GitHub - SpencerLabAQ/AIPT: AI-driven Java Performance Testing: Balancing Result Quality with Testing Time

AI-driven Java Performance Testing: Balancing Result Quality with Testing Time

Dataset

The dataset utilized in this paper is introduced in https://doi.org/10.1007/s10664-022-10247-x. It includes performance measurements from 500+ JMH microbenchmarks across 30 Java software systems.

The dataset has been directly included in this repository (data.zip archive). Once extracted, the total size of the data archived in this repository is less than 500 Mb. We distilled the timeseries data from the metadata related to the steady state and warm-up phases. Specifically, the archive contains the following folders:

timeseries: contains all the timeseries used in this work in JSON format. A single file pertains to a specific microbenchmark and includes time series data for all the associated forks.
classification: each file is structured in JSON format and holds comprehesive details about the warm-up phases and steady state iterations. The 'forks' field in each file includes a string that indicates whether the fork reached the steady state ('steady state') or not ('no steady state'). Additionally, the field 'steady_state_starts' comprises a list of data point indexes; for each fork, it marks the first iteration identified as steady, -1 if no such iteration exists.

The archive also contains the benchmarks.csv file including some additional details about the JHM micrombenchmarks.

❗ Due to the extensive duration required to run experiments with the full dataset, we provide a reduced version of the dataset to facilitate quicker replication and testing. This subset includes all representative features of the full dataset but with a smaller volume, enabling users to run the experimental pipeline without the prolonged runtime. Specifically, the small dataset includes a total of 15 JHM microbenchmarks related to 3 projects. The reduced version of the dataset has been uploaded in the data_reduced.zip archive. All the results obtained with the reduced version of the dataset differ considerably from those using the full version of the dataset.

To run the experiments, extract the dataset with the following command:

unzip data.zip          # For the full dataset
unzip data_reduced.zip  # For the reduced version of the dataset

Requirements

Recommended Hardware

Memory (RAM): >= 64 GB
Storage: >= 30 GB free

The experiment can be executed entirely on a CPU. However, utilizing a GPU with CUDA can significantly speed up the process.

The estimated time using the recommended hardware configuration is of two days. Using hardware with lower specifications may result in significantly longer times or potential errors. If the specified hardware configuration is unavailable, we recommend running the experiment with the reduced settings as outlined below. This may lead in oucomes that differ from those reported in the paper.

Software Requirements

We do not provide a VM/Docker image for the working execution environment as our experiments don't require any non-trivial piece of software.

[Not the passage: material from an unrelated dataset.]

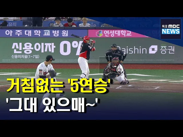 (앵커) 기아 타이거즈가 지난 주 부상에서 복귀한 나성범과 김도영의 활약으로 거침없는 5연승 행진을 이어가며 6위로 올라섰습니다. 대체 외인투수도 데뷔전에서 독특한 투구폼과 안정적인 구위로 팀 상승세를 견인하고 있습니다. 한신구 기자가 보도합니다. (기자) .. 홈런 ... 홈런 (나성범 7/8 6회 7/9 7회 ) 이틀 연속...

Software required to run the experiments are:

Python 3.9.1. Alternatively, you can use the python:3.9-bookworm docker image containing python 3.9.19.
Additional python dependencies are listed in requirements.txt file.

Experimental Setup

Install the recommended version of Python 3.

Open your terminal and run the following commands:

# Clone the repository
git clone https://github.com/SpencerLabAQ/AIPT.git
cd AIPT

# Initialize the python execution environment
python3 -m venv .venv
source .venv/bin/activate

# Install dependencies
pip install --upgrade pip
pip install -r requirements.txt

# Test Python and some essential packages
python --version
pip show pandas
pip show torch
pip show aeon

Running the Experiment with Reduced Settings

Ensure you extract the reduced dataset (unzip data_reduced.zip) instead of the full version.
Reduce the number of training epochs by modifying the constants.py file: change EPOCHS = 500 to EPOCHS = 10.
Reduce the number of bootstrap iterations of in kalibera.py file: change BOOTSTRAP_ITERATIONS = 10000 to BOOTSTRAP_ITERATIONS = 100.
Instead of using model checkpoints with the full dataset, train the model from scratch by:
- uncommenting the line python fit.py &> logs/fit.log in the run_training.sh file and
- removing the results/models/ folder. (Detailed instructions are in the following Usage section).

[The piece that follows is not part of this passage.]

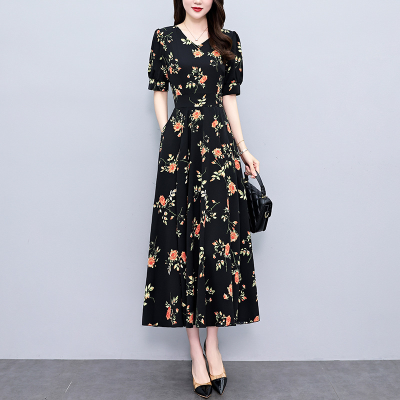 Dress panjang setengah lengan pendek, gaun cheongsam baru Cina elegan ramping bercetak ditingkatkan Musim Panas 2024

The reduced version of the experiment took approximately 2 hours on a MacBook Air (M1, 2020), Processor: Apple M1 chip with 8-core CPU, Memory: 16GB, Operating System: macOS Sonoma 14.5

Usage

Experiment pipeline

Given the extensive time required to complete the training phase, we provide a dump of the already trained models (results/models/) with the full dataset, which are ready for use in running evaluations and future studies.

With the default settings, the provided checkpoints will be used to perform the evaluation avoiding to run the training from scratch. In the following subsection, we provide instructions on how to train the models from scratch.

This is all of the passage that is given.